Trying it with some sacrilegious videos playing on a monitor, the mane point is it falls apart when 2 humans are close together in a scene. There's a lot more noise in the positions. The accuracy is definitely worse than when tracking a single lion standing up. It would be constantly moving around like an unstabilized phone cam.
The windowing algorithm creates a lot of noise & causes the hits to move around even when the video is paused.
Normally, it only detects 1 of the 2 humans or it detects both humans as a single very noisy hit. It probably detects only 1 human when they're together & the hit oscillates between the 2 humans.
The most desirable horizontal body positions aren't detected at all. It's a bigger problem in practical video because most of the poses are horizontal.

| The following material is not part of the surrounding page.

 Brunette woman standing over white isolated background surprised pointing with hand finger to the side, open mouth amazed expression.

Lowpass filtering & optical flow could suppress some of the noise, but the servos already provide a lot of lowpass filtering. The lion kingdom has long dreamed of running a high fidelity model at 1fps & scanning the other frames with optical flow. This would entail a 1 second lag for that high fidelity model. Every second, after getting an inference, it would have to use optical flow to fill in 1 second of frames to catch up to the present. It might be doable with low res images.

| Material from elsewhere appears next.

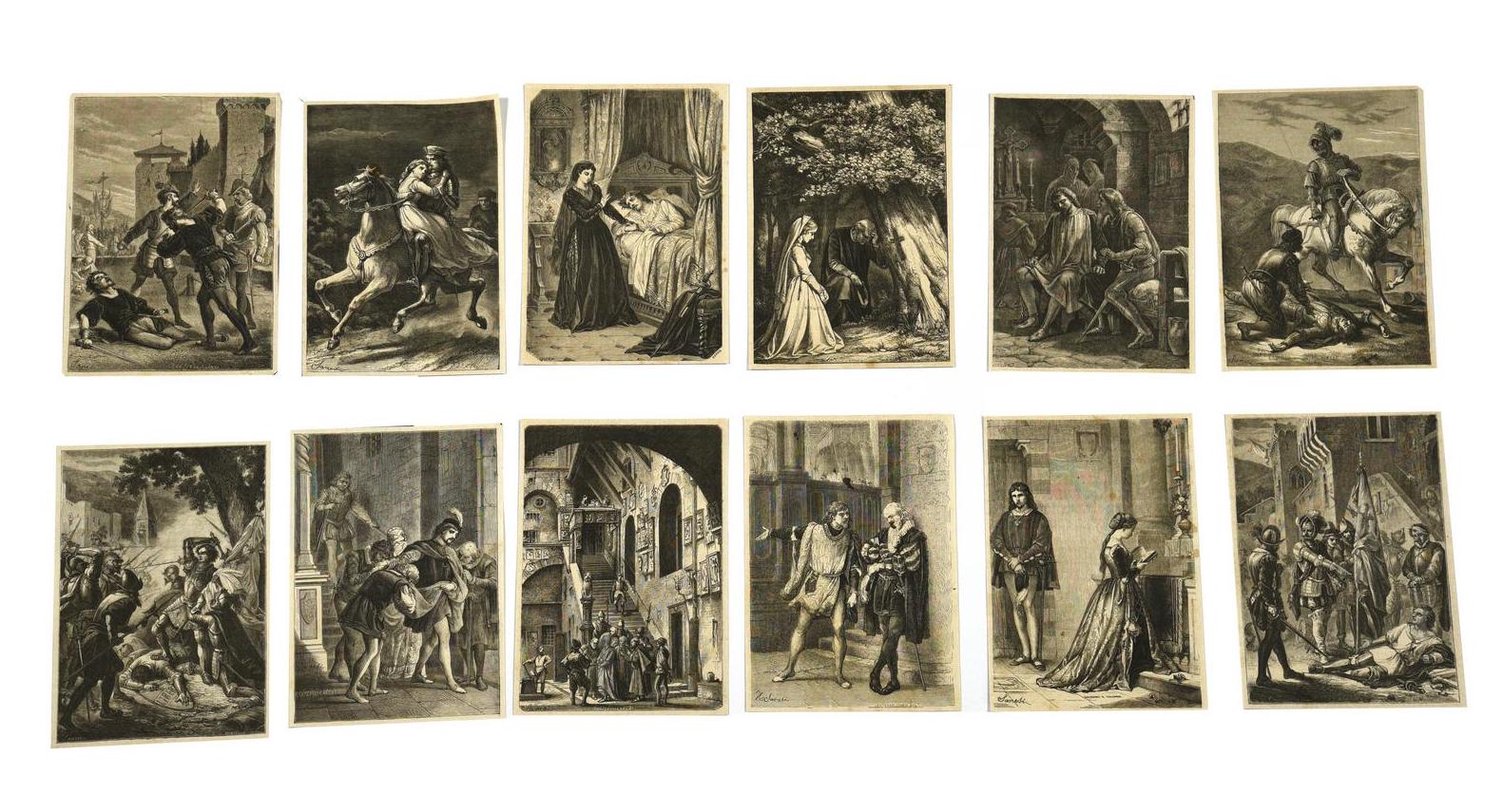 LOTTO DI DODICI ILLUSTRAZIONI TIPOGRAFICHE

Face tracking might give better results, but it would lose the ability to center on the body.
The Intel Movidius is the only embedded neural engine still made. It's a lot more expensive than the equivalent amount of computing power 3 years ago, but that might be a fair price if computing power is permanently degraded.

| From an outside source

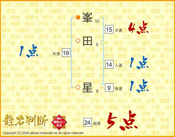 峯田星さんの総運は24画の5点!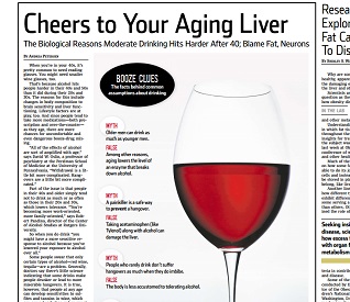 40 is not the new 30 when it comes to drinking alcohol. The Wall Street Journal examines the biological reasons even moderate drinking hits you harder in your 40s than in your 30s or 20s. You can blame changes in your body composition, brain function and your liver. You also probably have a lower tolerance since you typically don’t drink as much after 40.

The only useful benchmark lions could find showed it getting 12fps on an undisclosed efficientdet model. It can be implied from the words "up to 12fps" in his sales pitch that it's the fastest efficientdet model. That's 50% faster than the fastest efficientdet in software, not really enough to improve upon the quality seen.
All GPU systems are all or nothing. They can't split the work between the CPU & the GPU. They could allow a 2nd face detection model or optical flow to be run concurrently on the CPU. That would give more like a 250% increase.